NEWSOUNDS Social Distortion Hard Times and Nursery Rhymes (Epitaph) 

Eden Munro //


ocial Distortion's singer/guitarist/ songwriter Mike Ness has always seemed a songwriter born of the same everyman world as Bruce Springsteen and Joe Strummer, and Hard Times and Nursery Rhymes suggests that he's got no plans to venture far from that road. If there's a difference here from past efforts, though, it's that the Ness of today appears less conflicted than in the past, comfortable in his own skin even when the road is rough. That could very well be the result of age and the knowledge that if he's made it this far in life then he must have a fairly decent grasp on what it takes to survive. The album's title certainly hints at age playing a role here, the duality in the name suggesting a clashing of themes: an acceptance of the tough times of adulthood with a desire to grasp onto the innocence of childhood. It could also be said that there's a line that runs through the album dividing it between the simplicity of childhood and the complexities of adulthood. After the initial dark rumblings of the instrumental "Road Zombie," a sense of

comfort flows from Ness's pen in "California (Hustle and Flow)," a loose and easy Stonesy shuffle where he sings, "Take me down / Take me on down the line / Shake me down / Shake me on down the line," with soulful female backing vocals offering support and guitarist Jonny Wickersham pulling out a lowdown rock 'n' roll solo in the run-out. It's solid, but doesn't veer very close to the cliff, preferring to stick to safer, well-travelled roads. "Gimme the Sweet and Lowdown" is a little tougher, with punchy verses that crash straight ahead, and "Diamond in the Rough" finds Ness leaning heavily on the country strumming sensibilities that have often been heard in his songwriting, from Social D's "Ball and Chain" to Ness's acoustic solo material. It's a fine start to the album, but it's a little too comfortable in both approach and sound—everything here sounds just a touch too clean and simplified for a band that's been through as many wringers as Social D has—to carry it much farther. Ness must have felt the same, because when he digs into "Bakersfield"—"So I walked out of that lonely truck stop / With my head hanging down / Wondering how in the hell I got myself into this mess / And more importantly, how I was going to get myself out of it"—the meshing of his sorrowful voice with the squealing notes that Wickersham wrenches out of his guitar signify a turned corner for the band, as though Ness and company have found that delicate balance suggested by the title, and they continue on like that through to the end of the album.

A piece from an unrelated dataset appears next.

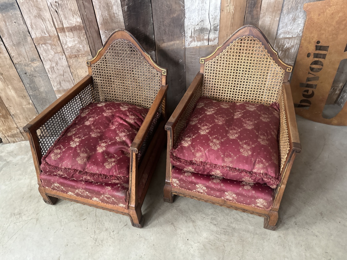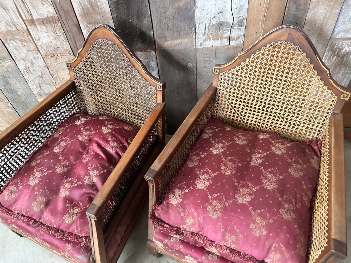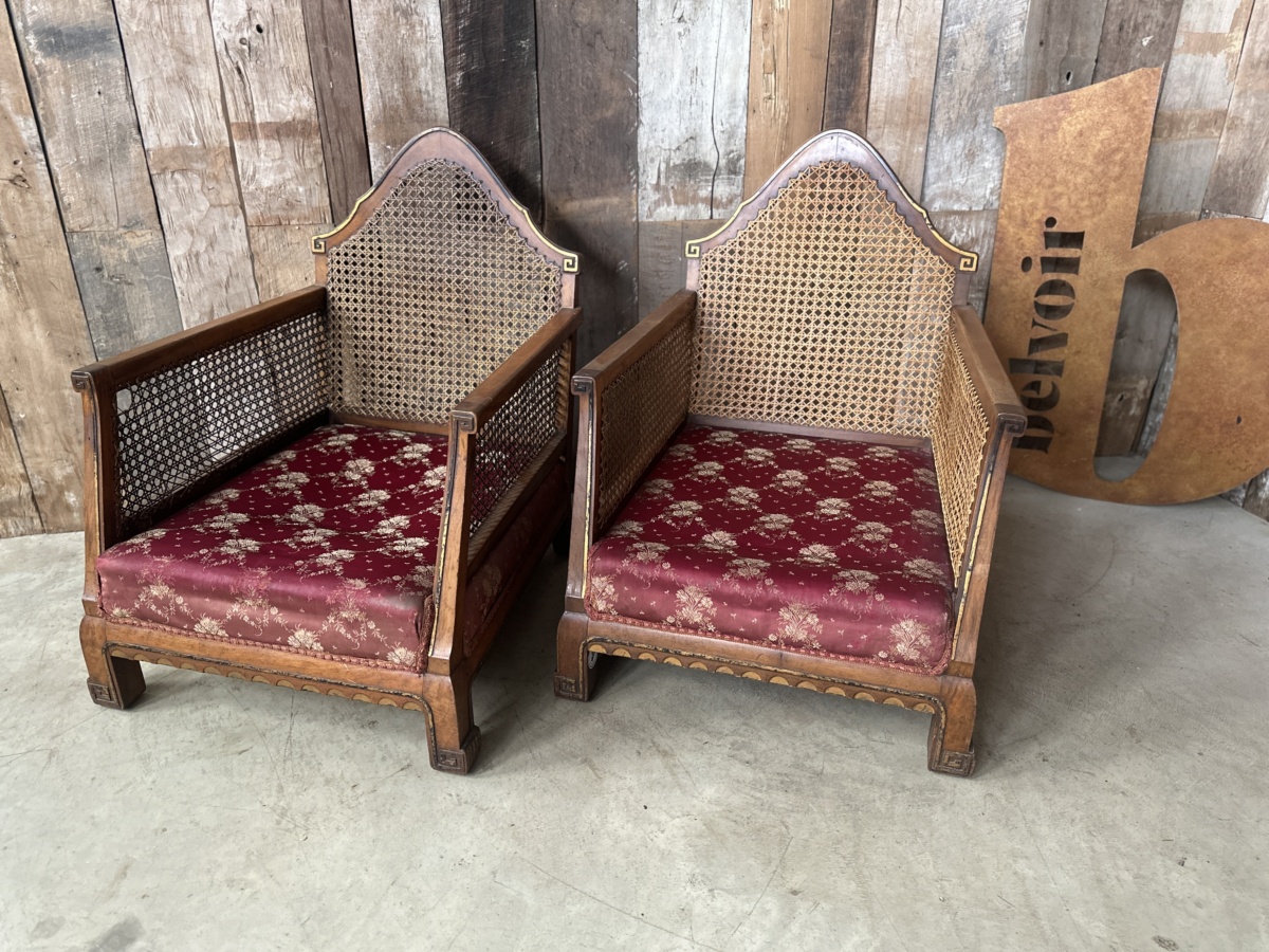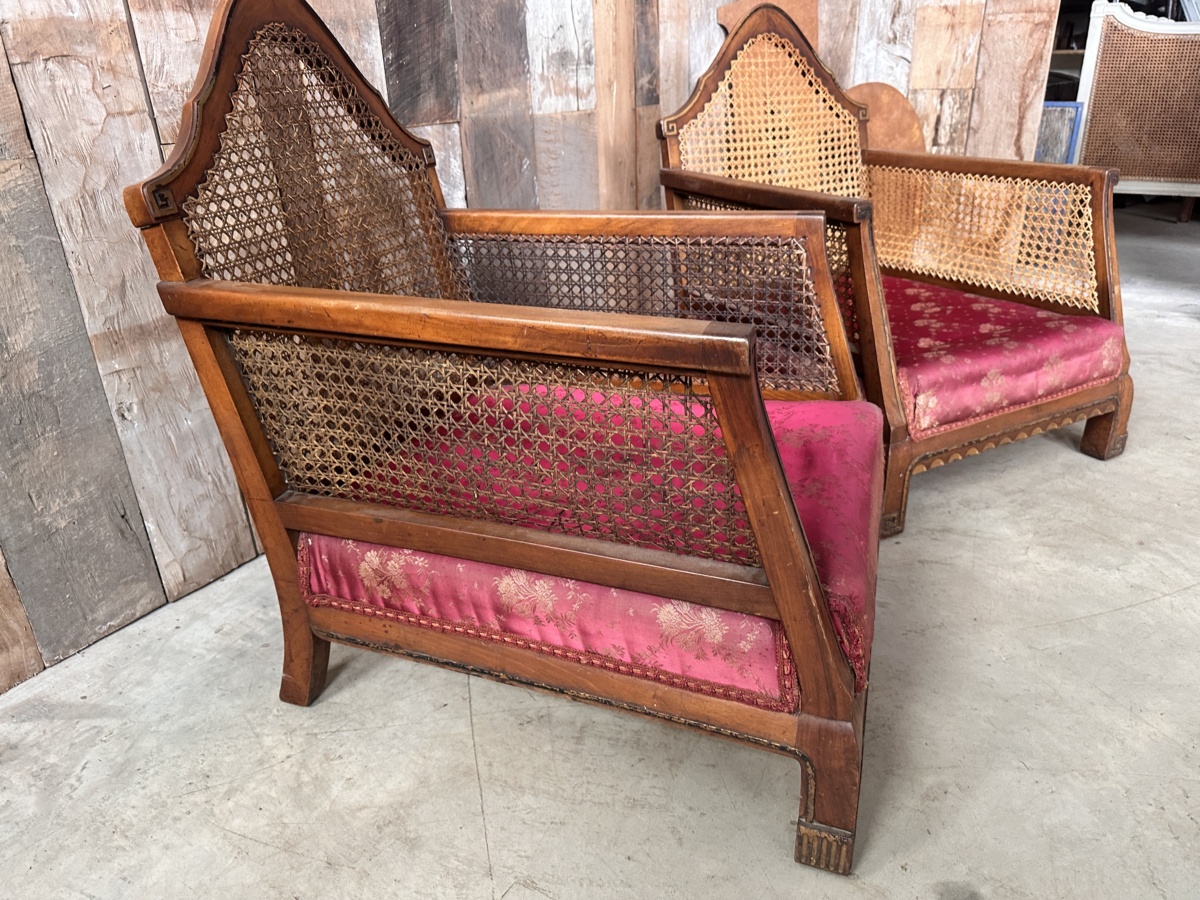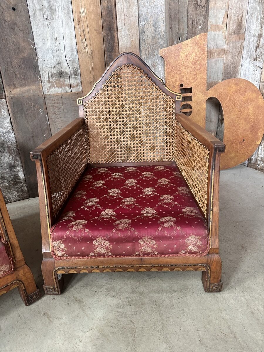 An excellent original matching pair of Anglo Indian Colonial armchairs, dating from the early 19th century. Exquisite original gilt painted greek tooth decoration. Bergere cane in good order all round. Silk floral red upholstery. Lovely examples of Anglo Indian colonial furniture.

Ness is at his best when he's clawing his way through life, and that's very much the case here—"Still Alive," for example, where he sings, "And the times have changed my friend / I'll be here to the bitter end / And I'm here to make my stand with a guitar in my hand / And I'm still alive / I will survive / I can take what life's got to give"—but both Ness and the band spend too much time here on the surface and not enough in the gutter. V

Siskiyou Siskiyou (Constellation) 

When you hear gentle waves in the background of "Inside Of The Ocean," you begin to tap into the sap of Siskiyou, a Vancouver-based lo-fi folk duo with ties to Great Lake Swimmers. Aside from a few instances of trendy electric dissonance, this record is reminiscent of 2007's widespread pillage of banjos, melodicas and other middle-school music-room accoutrements. Nonetheless, having been recorded in stairwells and bedrooms, on beaches and rooftops, the recordings have a depth all their own. And though the vocals aren't the strongest suit, the songs are well written—lyrically dark but melodically pleasant enough to help us remember summer. Joe Gurba


Ghostface Killah Apollo Kids (Def Jam) 

When a tenured artist openly references one of their most highly regarded works, it's usually a red flag that means they've run out of ideas. This is seemingly true for Wu-Tang's Ghostface and for once, it isn't actually a problem; Ghost's old ideas are still fresh and worth revisiting. The rap on his recent albums has been a nagging desire for crossover success through R&B singles (or albums in the case of the woeful Ghostdini: Wizard of Poetry). This throwback (which references 2000 classic Supreme Clientele in title and 2004's The Pretty Toney Album in production quality) is pure soulful New York sample rap that is pleasantly unreflective of recent rap trends. Roland Pemberton


LAKE "You Are Alone" seven-inch (K) 

This new seven-inch from K Records regulars LAKE is a polarized split between glass-half-empty and glass-half-full sentiments. Consider first the A side reprieve, "You are alone / You are alone / There's nothing wrong with that / You are alone," angelically whispered over a slow rolling serenade that less conveys depression than blessed resignation, like sand melting into glass. By contrast, the antithetical B side, "Higher Than Merry," is an attention deficit twee parade complete with military snares and triumphant trumpets. Joe Gurba


34 // MUSIC

VUEWEEKLY // JAN 20 – JAN 26, 2011

DJ Nate Da Trak Genious (Planet Mu) 

20-year-old DJ Nate makes footwork music, a bastard child of Detroit ghettotech and Chicago house that often sounds like early '90s club music made by someone who's only had it described to them before. This music is jittery and confrontational, usually featuring angry vocal samples repeated ad nauseam and frantic tom patterns. When Nate takes on existing songs like Marvin Gaye's "Sexual Healing" and Lil Wayne's "Let the Beat Build" and "3 Peat," the results are thrilling. Calling his approach "remixing" would be reductive; he completely rewrites these songs into his language, repeating phrases, pushing the results off-tempo, bending voices like sonic fabric above an ocean of negative space. Though it may be a bit jarring for casual listening, DJ Nate is clearly inching us towards the future of club music. Roland Pemberton


LoonieBin Bumblefoot, "Bernadette" One of the new Guns N' Roses' guitar players lets loose on a cover of this Motown tune. Fans of wanking shreddery should just YouTube Michael Angelo's quad-guitar solo ( quadsolo). Fans of the Four Tops should just grab the original "Bernadette."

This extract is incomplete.